** WHAT YOU WILL DO **
Restate each entry exactly, without pictures.
____ RECORDS FOR THIS TASK
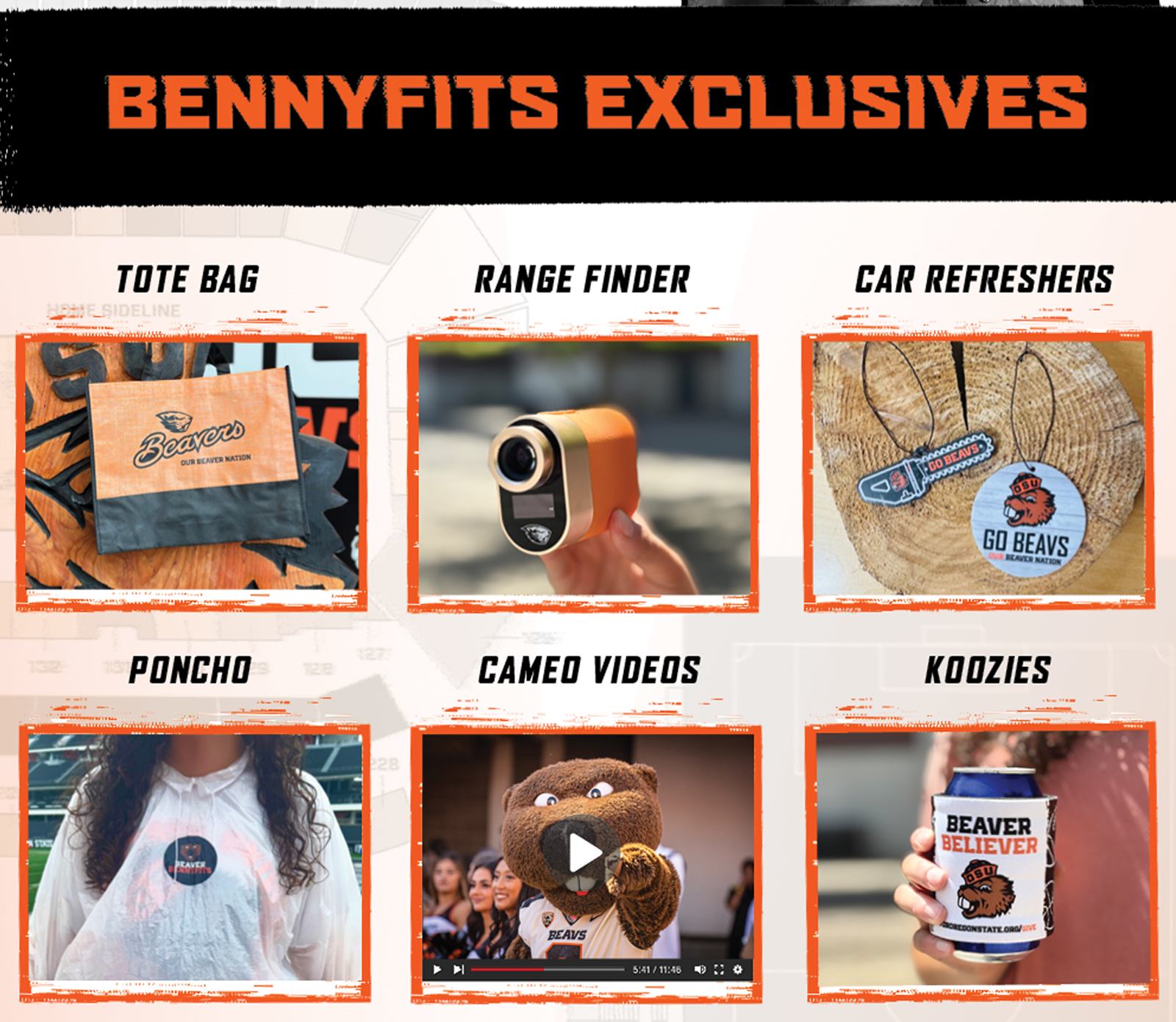 Bennyfits is our way of saying thank you for showing up for Oregon State student-athletes. Your generosity helps fuel scholarships, direct student-athlete benefits, wellness and nutrition programs, facilities, and unforgettable experiences that shape their journey at OSU and beyond.
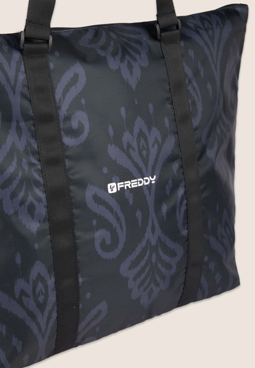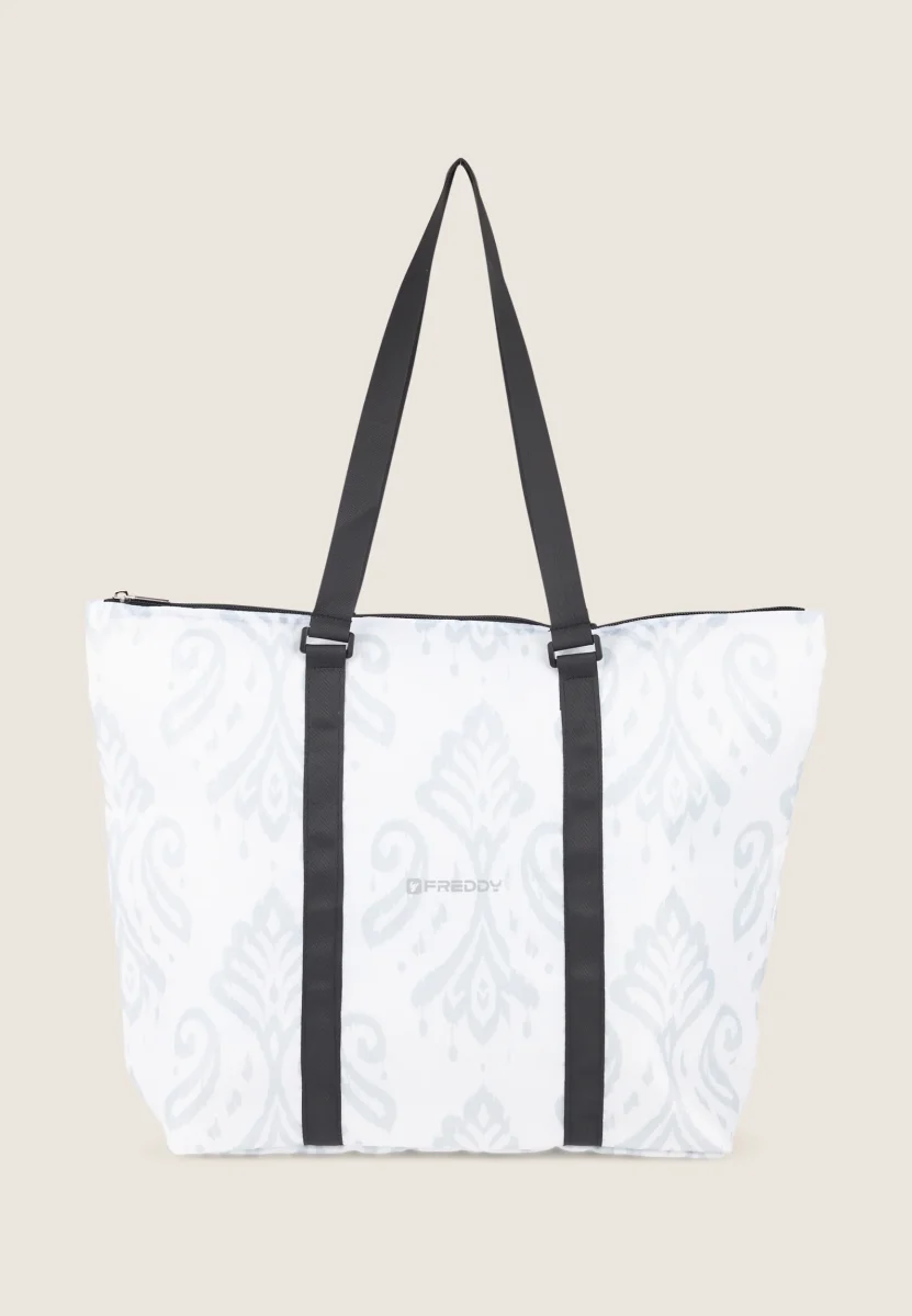 Femminile e versatile, questa shopper a fantasia floreale stilizzata è l’accessorio perfetto per dare un tocco di freschezza al tuo look. Dotata di doppio manico, è ideale sia per il trasporto a spalla che a mano, adattandosi con praticità alle tue esigenze. La chiusura a zip assicura il massimo della funzionalità, mentre il logo FREDDY sul lato esterno aggiunge un dettaglio moderno e distintivo. Perfetta per chi ama unire stile e praticità.
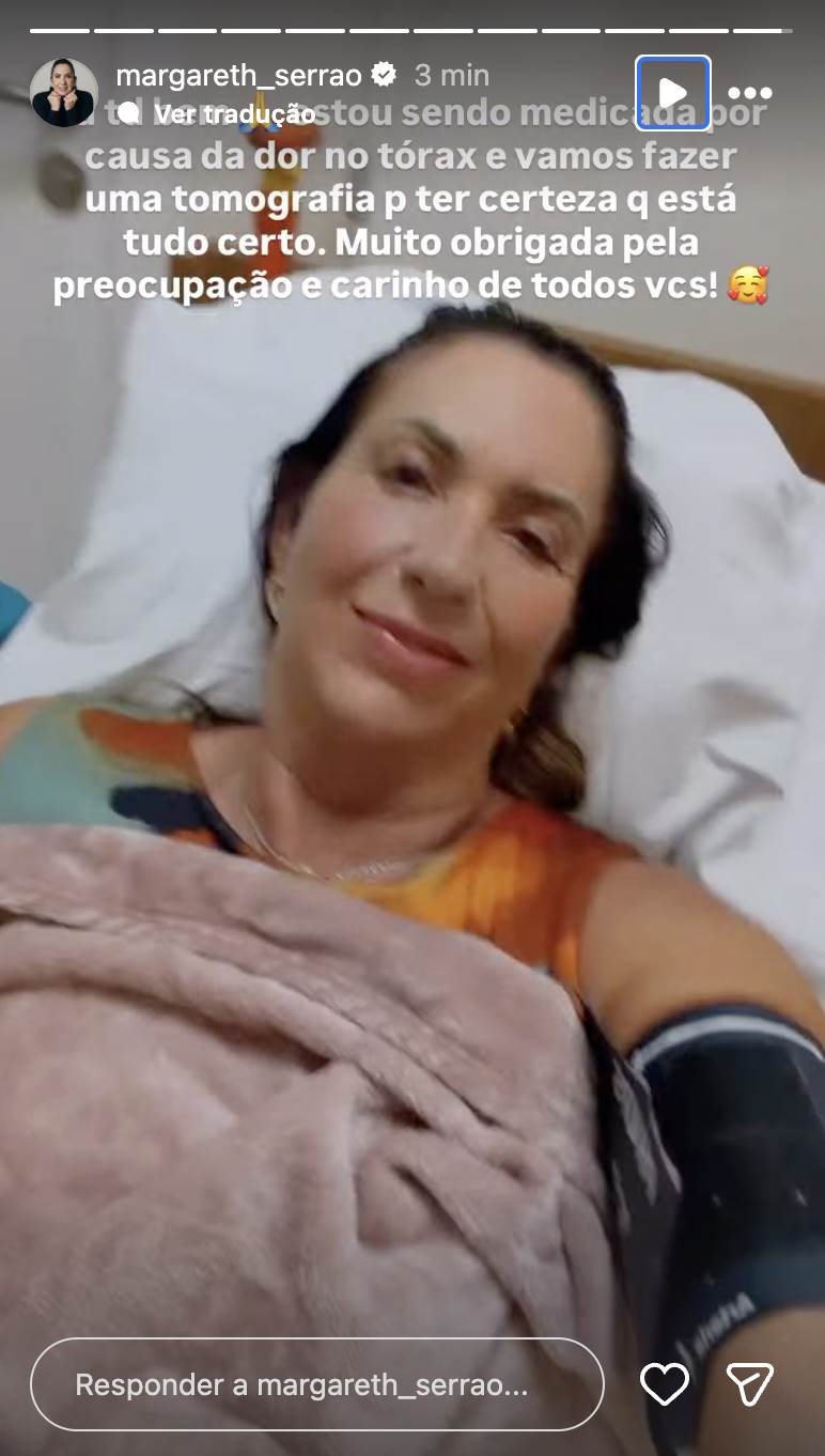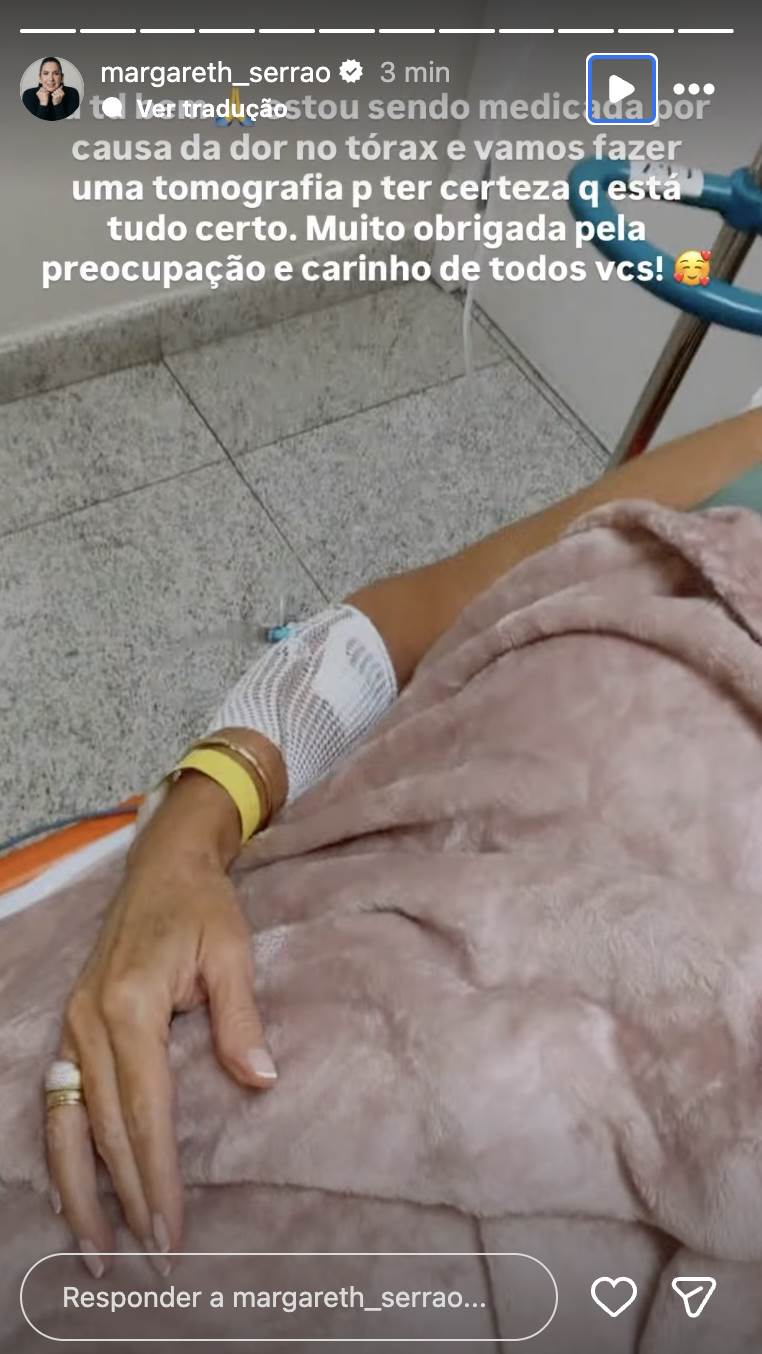 Na tarde desta terça-feira, 20, Margareth reapareceu nas redes sociais para exibir uma imagem deitada na maca e recebendo medicação intravenosa.
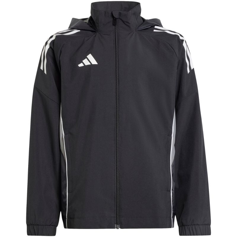 „adidas Tiro 25 Competition All Weather“ vaikiška striukė, juoda, IW0448. Ši „adidas Tiro“ vaikiška striukė puikiai tinka treniruotėms. Užtrauktukas per visą ilgį leidžia greitai apsirengti. Smakro apsauga saugo smakrą. Gobtuvas reguliuojamas sagtimis ir gali būti įkištas į apykaklę. Specifikacijos: Viršutinis audinys: 100 % perdirbtas poliesteris Vidinis audinys: 100 % termoplastinis poliuretanas Standartinis dydis Priekinės kišenės su užtrauktukais Tinklinis pamušalas Paslėptas gobtuvas Elastiniai rankogaliai
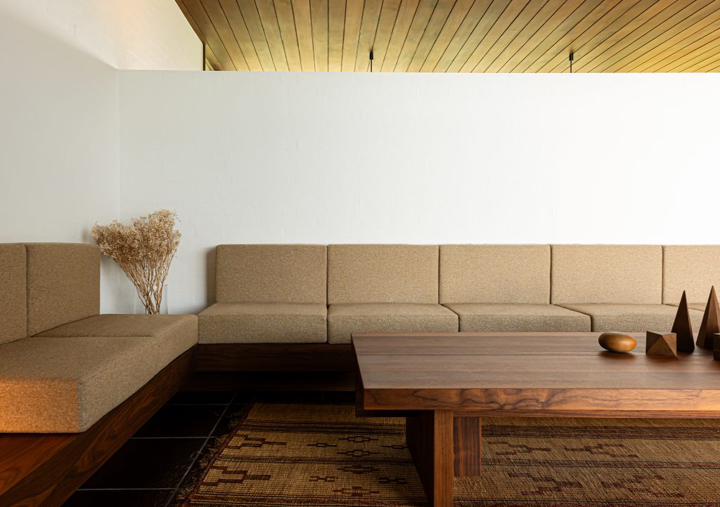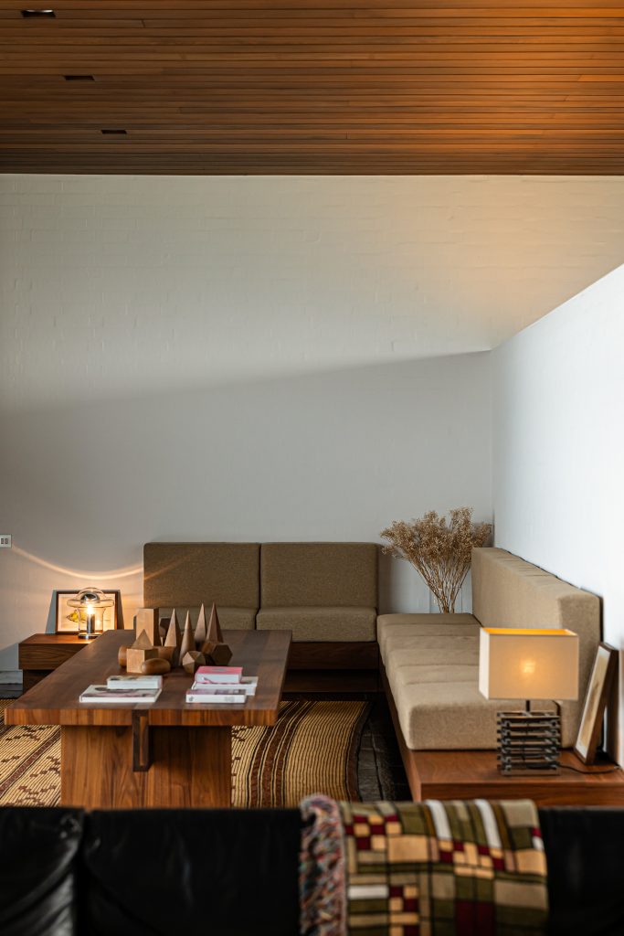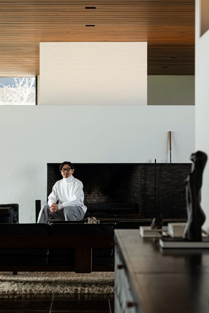 Ánh sáng là linh hồn của biệt thự. Vào buổi sáng, ánh nắng nghiêng chiếu qua các ô kính, tạo nên những bóng hình học sắc nét trên thảm lông dài màu be trong phòng khách. Khi hoàng hôn buông xuống, ánh sáng từ phía tây xuyên qua các bức tường gạch kính, nhuộm không gian nội thất sắc hổ phách ấm áp. Đèn Banxton x Civilian H02 rose knot tạo ra những bóng đổ tinh xảo, trong khi sàn gỗ sồi Evener, với kết cấu được hoàn thiện sẵn, trở nên sống động, gần gũi dưới ánh sáng chiều tà. Những vách ngăn nửa chiều cao trở thành khung tranh tự nhiên, lưu giữ từng khoảnh khắc ánh sáng như một bản phác thảo của Rembrandt.
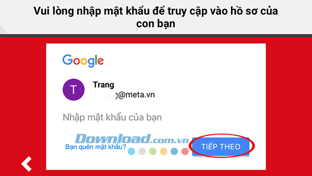 Chọn đến người con mà bạn muốn thiết lập kênh xem. Lúc này chúng ta sẽ phải nhập mật khẩu của tài khoản cha mẹ đăng ký ban đầu. Nhập xong nhấn Tiếp theo.
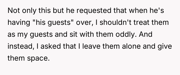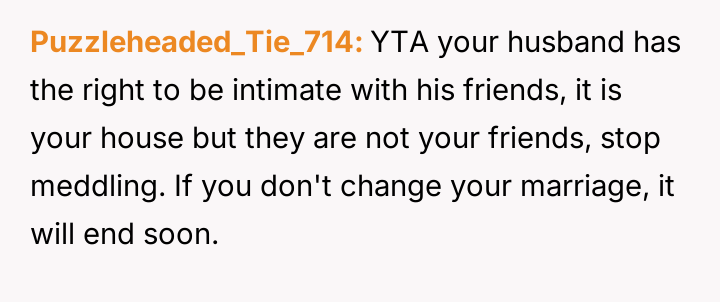 Should the wife prioritize her feeling of needing to be present as a sign of inclusion and respect for her role in their shared home, or must she respect her husband's explicit requests for designated privacy for his male friendships, even if it feels like a rejection?
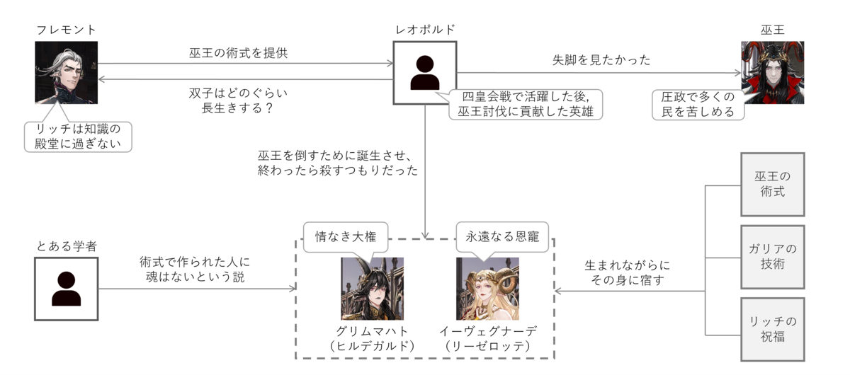あまりにも強い巫王を打倒するべく、反巫王派はあらゆる手を尽くしました。辿り着いた答えは人造人間を作ること。レオポルドというリターニアの貴族がこの計画を主導し、現双子の女帝を生み出すに至ります。レオポルドは巫王の失脚を見たかったようだと推測されていました。
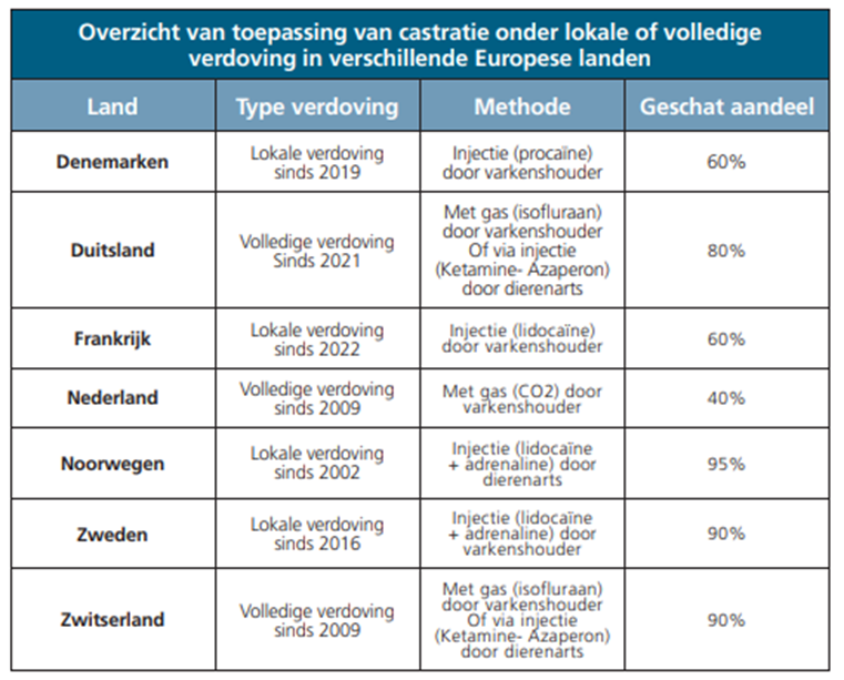 Onverdoofde biggencastratie staat al ruim 20 jaar op de agenda. Elk van de alternatieven, hetzij productie van intacte beren of immunocastraten, of castreren met verdoving heeft voor- en nadelen. De voorbije jaren maakte elk land en elke markt zijn eigen keuze voor één of meerdere van bovengenoemde alternatieven. Castratie onder lokale of volledige verdoving is sinds kort in meerdere buurlanden wettelijk verplicht. Ook in België moeten in de nabije toekomst een aantal knopen worden doorgehakt. Castratie met pijnbestrijding voldoet immers stilaan niet meer aan de marktverwachtingen. Dit artikel werpt een blik op de stand van zaken in Europa en belicht de huidige uitdagingen in België.
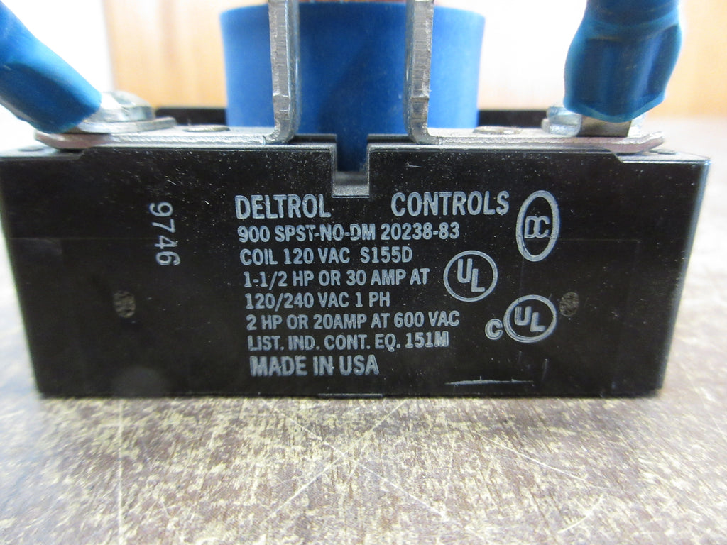 Deltrol Controls Power Relay 900 SPST-N0-DM 20238-83 120V Coil 30A/20A Used
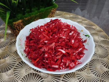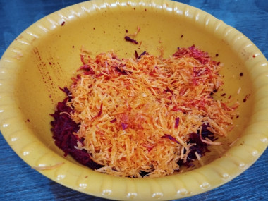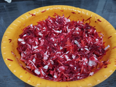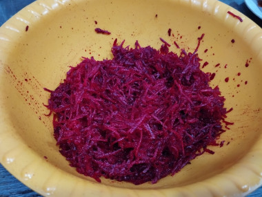 Свеклу помойте, очистите и натрите на мелкой терке. Все овощи лучше натирать на мелкой терке, чтобы салат легче было пережевывать.
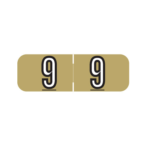 The Barkley NBAM numeric labels feature a wrap-around gold background with a white number outlined in black. The number will be visible on each side of the folder when applied. Each label is 1/2"H x 1-1/2"W before folding.
________
** RESPONSE AREA **
 Bennyfits is our way of saying thank you for showing up for Oregon State student-athletes. Your generosity helps fuel scholarships, direct student-athlete benefits, wellness and nutrition programs, facilities, and unforgettable experiences that shape their journey at OSU and beyond.
 Femminile e versatile, questa shopper a fantasia floreale stilizzata è l’accessorio perfetto per dare un tocco di freschezza al tuo look. Dotata di doppio manico, è ideale sia per il trasporto a spalla che a mano, adattandosi con praticità alle tue esigenze. La chiusura a zip assicura il massimo della funzionalità, mentre il logo FREDDY sul lato esterno aggiunge un dettaglio moderno e distintivo. Perfetta per chi ama unire stile e praticità.
 Na tarde desta terça-feira, 20, Margareth reapareceu nas redes sociais para exibir uma imagem deitada na maca e recebendo medicação intravenosa.
 „adidas Tiro 25 Competition All Weather“ vaikiška striukė, juoda, IW0448. Ši „adidas Tiro“ vaikiška striukė puikiai tinka treniruotėms. Užtrauktukas per visą ilgį leidžia greitai apsirengti. Smakro apsauga saugo smakrą. Gobtuvas reguliuojamas sagtimis ir gali būti įkištas į apykaklę. Specifikacijos: Viršutinis audinys: 100 % perdirbtas poliesteris Vidinis audinys: 100 % termoplastinis poliuretanas Standartinis dydis Priekinės kišenės su užtrauktukais Tinklinis pamušalas Paslėptas gobtuvas Elastiniai rankogaliai
 Ánh sáng là linh hồn của biệt thự. Vào buổi sáng, ánh nắng nghiêng chiếu qua các ô kính, tạo nên những bóng hình học sắc nét trên thảm lông dài màu be trong phòng khách. Khi hoàng hôn buông xuống, ánh sáng từ phía tây xuyên qua các bức tường gạch kính, nhuộm không gian nội thất sắc hổ phách ấm áp. Đèn Banxton x Civilian H02 rose knot tạo ra những bóng đổ tinh xảo, trong khi sàn gỗ sồi Evener, với kết cấu được hoàn thiện sẵn, trở nên sống động, gần gũi dưới ánh sáng chiều tà. Những vách ngăn nửa chiều cao trở thành khung tranh tự nhiên, lưu giữ từng khoảnh khắc ánh sáng như một bản phác thảo của Rembrandt.
 Chọn đến người con mà bạn muốn thiết lập kênh xem. Lúc này chúng ta sẽ phải nhập mật khẩu của tài khoản cha mẹ đăng ký ban đầu. Nhập xong nhấn Tiếp theo.
 Should the wife prioritize her feeling of needing to be present as a sign of inclusion and respect for her role in their shared home, or must she respect her husband's explicit requests for designated privacy for his male friendships, even if it feels like a rejection?
あまりにも強い巫王を打倒するべく、反巫王派はあらゆる手を尽くしました。辿り着いた答えは人造人間を作ること。レオポルドというリターニアの貴族がこの計画を主導し、現双子の女帝を生み出すに至ります。レオポルドは巫王の失脚を見たかったようだと推測されていました。
 Onverdoofde biggencastratie staat al ruim 20 jaar op de agenda. Elk van de alternatieven, hetzij productie van intacte beren of immunocastraten, of castreren met verdoving heeft voor- en nadelen. De voorbije jaren maakte elk land en elke markt zijn eigen keuze voor één of meerdere van bovengenoemde alternatieven. Castratie onder lokale of volledige verdoving is sinds kort in meerdere buurlanden wettelijk verplicht. Ook in België moeten in de nabije toekomst een aantal knopen worden doorgehakt. Castratie met pijnbestrijding voldoet immers stilaan niet meer aan de marktverwachtingen. Dit artikel werpt een blik op de stand van zaken in Europa en belicht de huidige uitdagingen in België.
 Deltrol Controls Power Relay 900 SPST-N0-DM 20238-83 120V Coil 30A/20A Used
 Свеклу помойте, очистите и натрите на мелкой терке. Все овощи лучше натирать на мелкой терке, чтобы салат легче было пережевывать.
 The Barkley NBAM numeric labels feature a wrap-around gold background with a white number outlined in black. The number will be visible on each side of the folder when applied. Each label is 1/2"H x 1-1/2"W before folding.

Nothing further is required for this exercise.